• [Data provided]
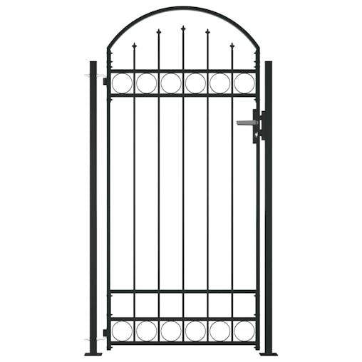 NNEVL Fence Gate with Arched Top and 2 Posts 105x204 cm Black
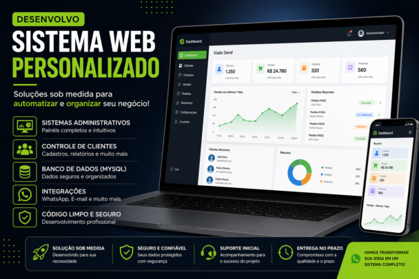 Eu desenvolvo sistemas web personalizados, feitos sob medida para sua necessidade.
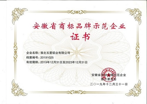 安徽省商標(biāo)品牌示范企業(yè)證書(shū)
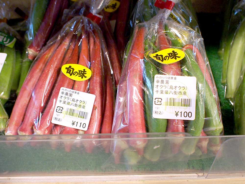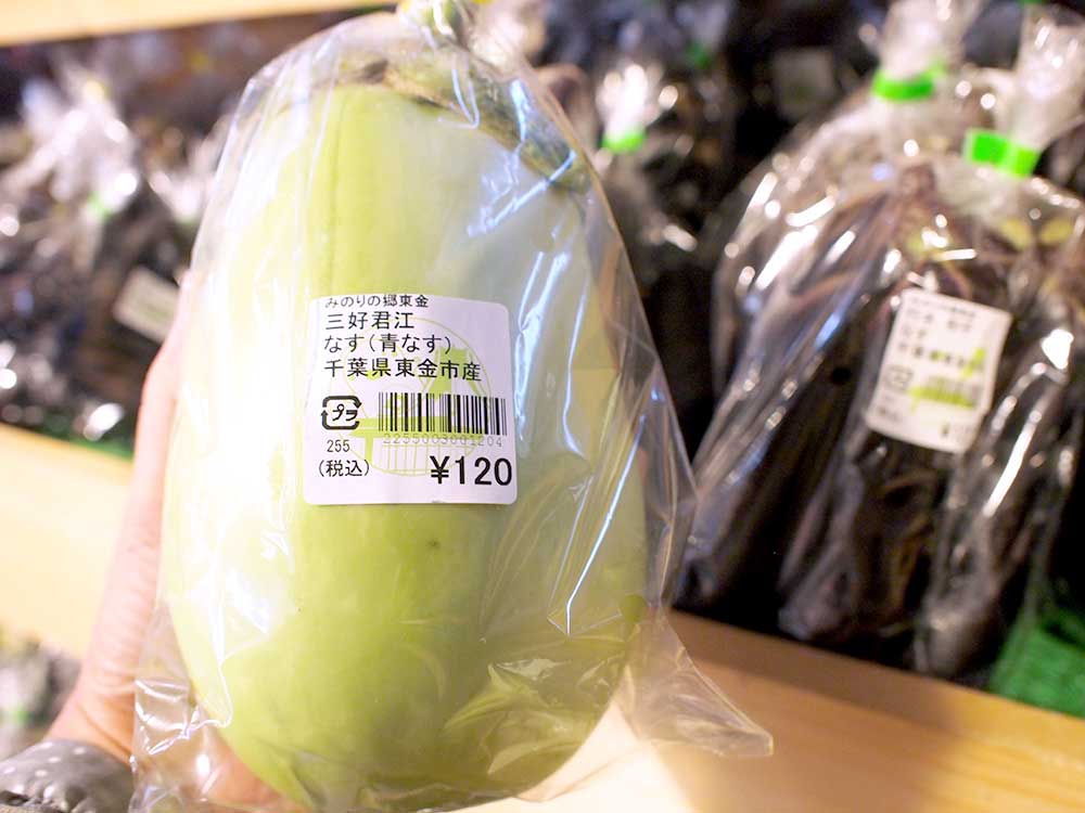 とても大きい青ナス、オクラもいっぱい並んでいます。

• [Your task] The result should be the material above, unchanged and free of pictures; please print it.

• [Task result]
 NNEVL Fence Gate with Arched Top and 2 Posts 105x204 cm Black
 Eu desenvolvo sistemas web personalizados, feitos sob medida para sua necessidade.
 安徽省商標(biāo)品牌示范企業(yè)證書(shū)
 とても大きい青ナス、オクラもいっぱい並んでいます。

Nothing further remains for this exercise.